Induction of IL-4Rα–dependent microRNAs and the Role of PI3K/Akt Signaling in Macrophage Proliferation

Induction of IL-4Rα–dependent microRNAs and the Role of PI3K/Akt Signaling in Macrophage Proliferation

Overview

Macrophages (MΦ) play a critical role in the immune response, particularly in recognizing and controlling pathogens. Their activation needs to be precisely regulated to avoid excessive responses that could lead to self-damage. MicroRNAs (miRNAs) are small, noncoding RNAs that modulate gene expression, influencing MΦ activation by either promoting classical (M1) or alternative (M2) activation. This study investigates the role of certain miRNAs in alternative MΦ activation and identifies the PI3K/Akt signaling pathway as essential for IL-4-driven MΦ proliferation in murine models.

MicroRNAs in Macrophage Activation

  • MicroRNA Function: miRNAs regulate gene expression by binding to the 3′-untranslated region (3′UTR) of mRNAs, which typically destabilizes the mRNA and inhibits translation.

  • Classical Activation: Previously studied miRNAs like miR-125b-5p and miR-146a-5p are implicated in classical MΦ activation by modulating proinflammatory responses and feedback mechanisms.

  • Novel Findings on Alternative Activation: The study identifies miR-125b-5p, miR-199b-5p, miR-378-3p, and miR-146a-5p as differentially expressed in alternatively activated MΦ in response to Brugia malayi nematode infection.

Experimental Approach

  1. In Vivo Model: Mice were surgically implanted with Brugia malayi to induce alternative MΦ activation. Differential expression of miRNAs was assessed using microarray analysis and confirmed through quantitative RT-PCR.

  2. In Vitro Studies: MΦ were stimulated with IL-4 to explore the induction of miR-378-3p and its role in the PI3K/Akt signaling pathway, which was chemically inhibited to gauge its effects on MΦ proliferation and activation.

  3. Chemical Inhibition: The Akt signaling was specifically inhibited using triciribine, leading to observations of reduced MΦ alternative activation markers.

Findings

  • miR-378-3p Induction: This miRNA was specifically upregulated by IL-4 and served to negatively regulate the PI3K/Akt signaling pathway, crucial for MΦ proliferation. Experiments showed downregulation of Akt1 upon miR-378-3p expression, indicating a feedback mechanism.

  • Proliferation Effects: In vivo experiments demonstrated that IL-4-induced proliferation of MΦ requires intact PI3K/Akt signaling. Triciribine treatment of mice before IL-4 injection significantly inhibited MΦ proliferation as measured by BrdU incorporation and Ki67 expression.

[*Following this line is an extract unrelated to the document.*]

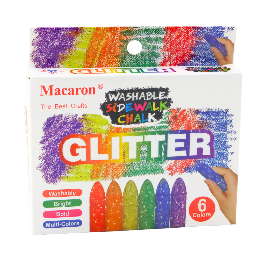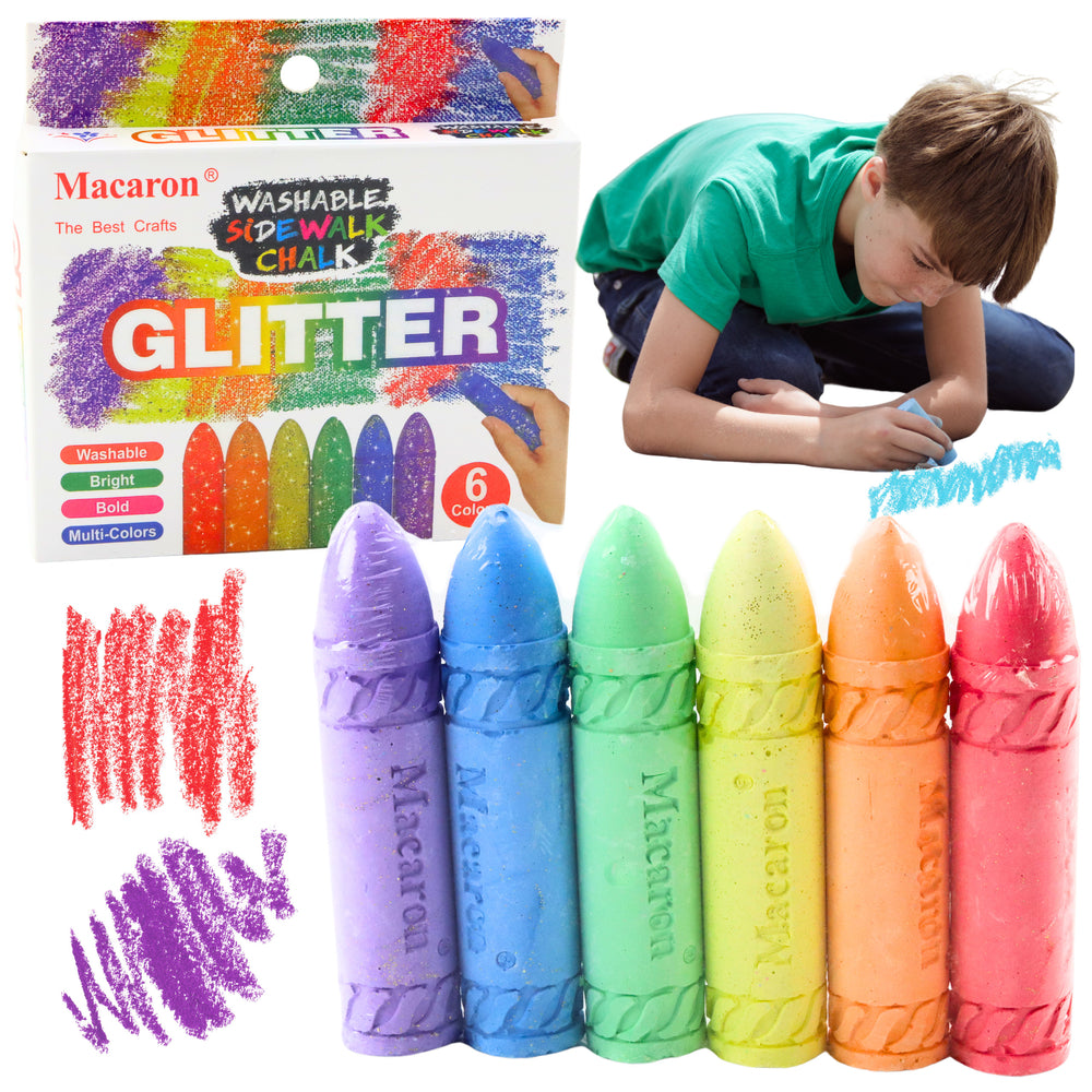 Glitterkleurig schoolbord stoepkrijt set van 6. Deze set bevat 6 glinsterende krijtjes in levendige kleuren: rood, oranje, geel, groen, blauw en paars. Perfect voor het tekenen op stoepen, schoolborden of papier. De krijtjes zijn non-toxisch, veilig voor kinderen en gemakkelijk schoon te maken. Stimuleert creativiteit en ontwikkeling. Maak de wereld een beetje kleurrijker met deze prachtige krijtjes!

  • Negative Regulation of MiRNA: Notably, miR-378-3p acted as a negative regulator, pointing towards a role in controlling the extent of MΦ activation during type 2 inflammatory responses.

Discussion and Implications

The study presents evidence that miR-378-3p is crucial for regulating the expansion and activation of MΦ under alternative activation conditions. It establishes that the PI3K/Akt pathway is necessary for this process, combining the roles of miRNAs and signaling pathways in immune response regulation. These insights into microRNA involvement in adaptive immune function could have therapeutic implications, especially in conditions like glomerulonephritis and atherosclerosis, where macrophage proliferation contributes to disease pathology.

Conclusion

In conclusion, this research highlights the intersection of microRNA regulation and signaling pathways in controlling MΦ behaviors. It sets the stage for potential clinical strategies targeting these mechanisms to modulate immune responses in various diseases.